Proposition 2: Any religion can be used to justify violence. Example: the strong link between the Catholic Church, Fascism and right-wing authoritarianism.
Conclusion: Saying 'Islam has some pretty extreme views' is just vacuous horseshit which contributes nothing to the discussion.
After reading your post, I'm afraid I don't see anything which undermines either proposition or the structure of the argument. With that in mind, I'll address some of the points which I think require some reconsideration.
>If there were a religion with extremely peaceful texts and nothing but that you'd be surprised to see violence carried out in it's name
Like Buddhism? Even Buddhism can be used to justify violence and war - supporting P2.
> The largest fiqh or school of Sharia in the world, is the go to school for the Taliban. As well as Pakistan where 82% of the population supports the death penalty for adulterers and 72% support the death penalty for apostates, we are talking about a huge portion of major Islamic nations and schools of thought.
In the 12th Century Christianity was used to justify the horrors of the Inquisition. Additionally, many famous people such as Anne Boleyn, Catherine Howard and Agnese Visconti were executed as a result of alleged adultery.
"Yeah, but nobody is executed nowadays". That's not the point. The point is that Christianity, like Islam can, and has been used to justify this sort of violence (P2).

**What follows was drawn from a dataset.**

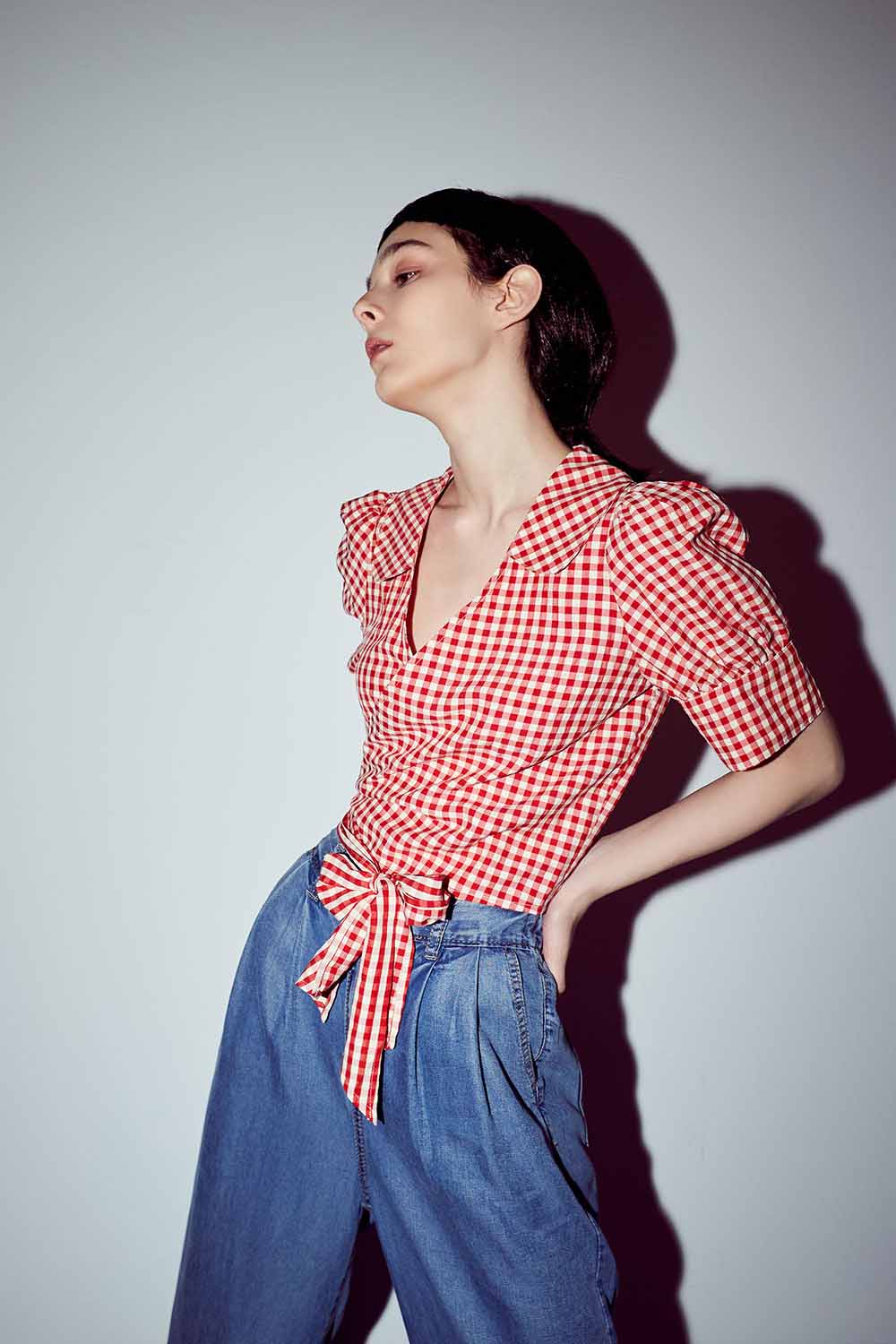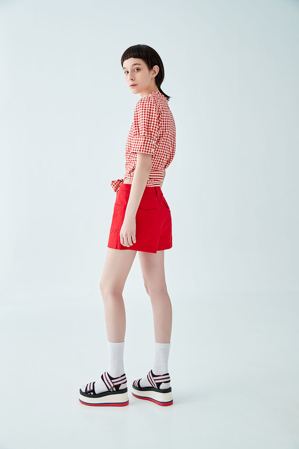 舒活格紋裹式綁帶翻領澎袖上衣 - 耀眼赤紅, M
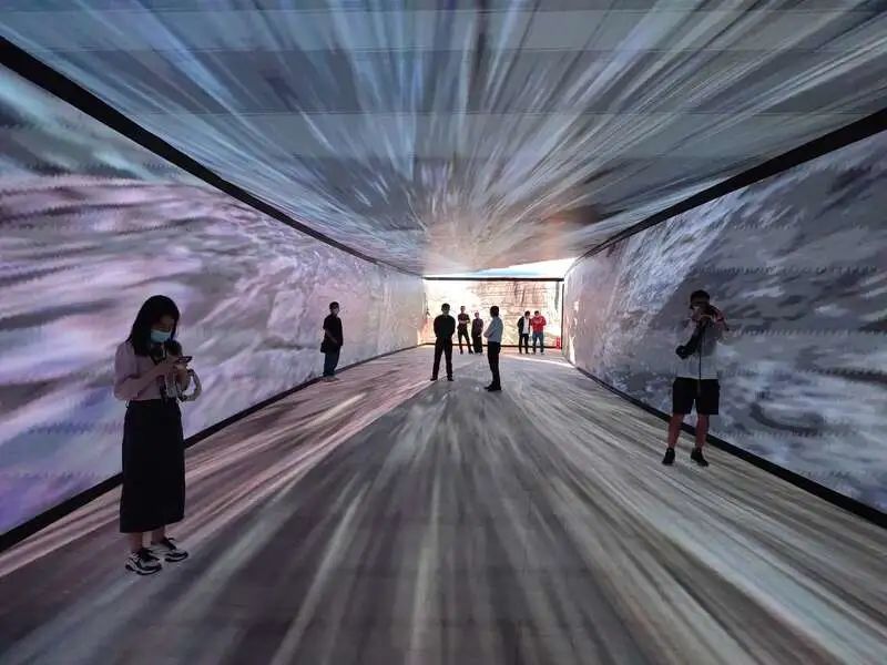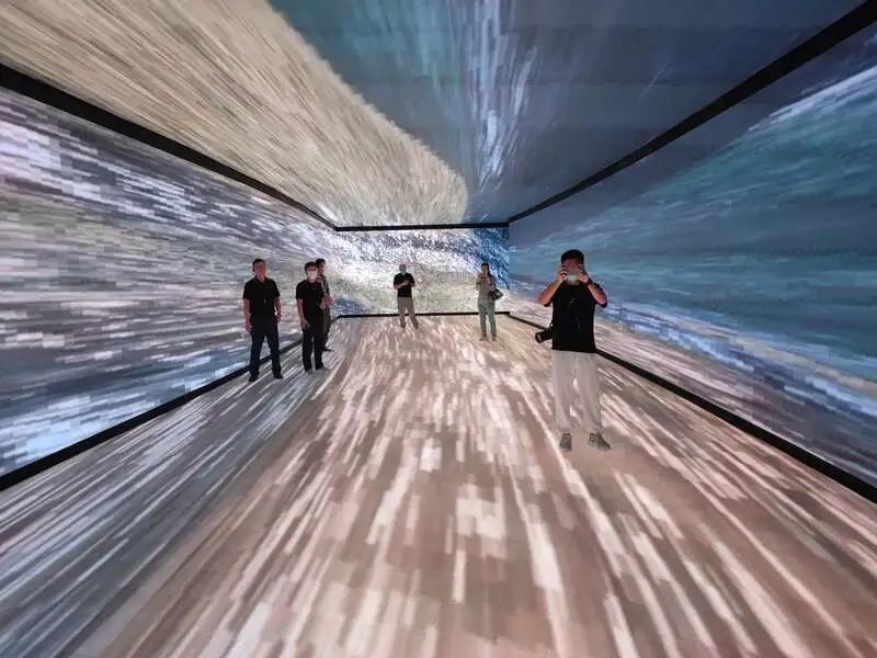 其中,新近建设的元宇宙剧场全面应用洲明硬件+软件+内容+交互的一体化解决方案,采用1200平米六面电子屏全景铺设,融合投影及LED沉浸式时光隧道技术,打造亚洲最大、世界第二,也是河南省首家元宇宙剧场。同时由洲明数字内容团队历经数月,经过大量深度调研,通过裸眼3D,数字建模和数字虚拟人等定制内容,高度还原了红旗渠修建场景,风土人情和历史人物,实现了沉浸式的虚拟体验,为游客带来了更强的视觉冲击力,更有趣的互动体验感。

>Pointing at Hitler and saying "Gott mit uns" is equivalent to pointing at Saddam Hussein not Islamic extremists.
The Ba'ath Party was well known for being secular, for future reference this is probably a bad analogy to use. Again, the point I was making wasn't that the Nazis and the Catholic Church have a relationship which is analogous to that of ISIS and the Salafi Movement within Islam. The point was simply that religion can, has been, and is employed to legitimise and justify violence (P2). Islam isn't some unique exception.
On the last point, I don't dispute it at all. Frankly I think all religion is detrimental; whatever minor benefits it might bring in terms of comfort or guidance, these are outweighed by the fact that huge swathes of the world's population defer their moral responsibility to institutionalised forms of superstition.
I appreciate your engagement but I don't think any of the points you made necessarily contradict or undermine my initial position.
The first thing that comes to mind is Brian Victoria's Zen at War, where the author argues that Suzuki was a pro-war fascist. But the thing is that Kemmyo Taro Sato has shown that most everything Victoria says about Suzuki is wrong. Victoria didn't defend his earlier claims but replied with other material, to which Soto argues that Victoria deliberately misquotes Suzuki to make his anti-war positions seem pro-war. Might be too much stuff, but could make for good essay.